**What the task requires**
Copy out only the lines running from the one that contains "а) Вопросы для" through the end of the listing. Pictures stay out.

**Exercise data**
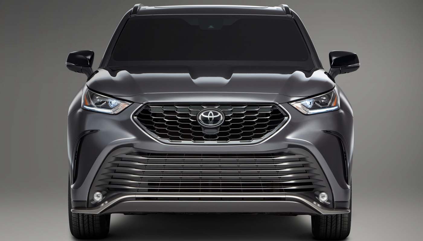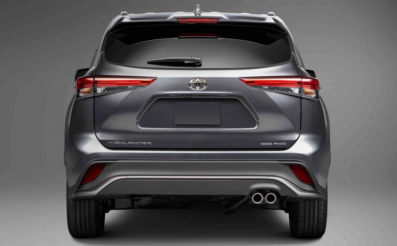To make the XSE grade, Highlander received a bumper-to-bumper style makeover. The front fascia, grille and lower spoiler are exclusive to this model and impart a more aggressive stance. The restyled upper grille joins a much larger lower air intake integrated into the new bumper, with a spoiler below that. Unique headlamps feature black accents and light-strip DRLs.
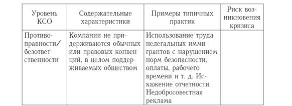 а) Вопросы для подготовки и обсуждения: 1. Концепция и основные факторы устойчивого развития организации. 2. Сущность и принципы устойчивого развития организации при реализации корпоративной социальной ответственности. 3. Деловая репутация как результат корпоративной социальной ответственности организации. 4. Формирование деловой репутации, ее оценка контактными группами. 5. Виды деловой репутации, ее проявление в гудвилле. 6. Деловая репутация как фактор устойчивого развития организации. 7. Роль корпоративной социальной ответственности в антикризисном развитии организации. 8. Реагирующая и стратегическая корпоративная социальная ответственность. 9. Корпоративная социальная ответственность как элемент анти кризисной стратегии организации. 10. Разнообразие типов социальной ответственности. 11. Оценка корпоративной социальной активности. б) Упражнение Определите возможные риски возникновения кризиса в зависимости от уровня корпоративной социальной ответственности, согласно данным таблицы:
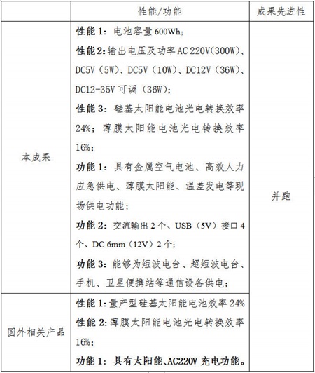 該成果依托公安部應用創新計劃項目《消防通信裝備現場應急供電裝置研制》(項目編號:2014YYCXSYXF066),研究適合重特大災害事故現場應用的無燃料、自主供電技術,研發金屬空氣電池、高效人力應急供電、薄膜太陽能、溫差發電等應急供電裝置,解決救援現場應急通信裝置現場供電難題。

**Output**
 а) Вопросы для подготовки и обсуждения: 1. Концепция и основные факторы устойчивого развития организации. 2. Сущность и принципы устойчивого развития организации при реализации корпоративной социальной ответственности. 3. Деловая репутация как результат корпоративной социальной ответственности организации. 4. Формирование деловой репутации, ее оценка контактными группами. 5. Виды деловой репутации, ее проявление в гудвилле. 6. Деловая репутация как фактор устойчивого развития организации. 7. Роль корпоративной социальной ответственности в антикризисном развитии организации. 8. Реагирующая и стратегическая корпоративная социальная ответственность. 9. Корпоративная социальная ответственность как элемент анти кризисной стратегии организации. 10. Разнообразие типов социальной ответственности. 11. Оценка корпоративной социальной активности. б) Упражнение Определите возможные риски возникновения кризиса в зависимости от уровня корпоративной социальной ответственности, согласно данным таблицы:
 該成果依托公安部應用創新計劃項目《消防通信裝備現場應急供電裝置研制》(項目編號:2014YYCXSYXF066),研究適合重特大災害事故現場應用的無燃料、自主供電技術,研發金屬空氣電池、高效人力應急供電、薄膜太陽能、溫差發電等應急供電裝置,解決救援現場應急通信裝置現場供電難題。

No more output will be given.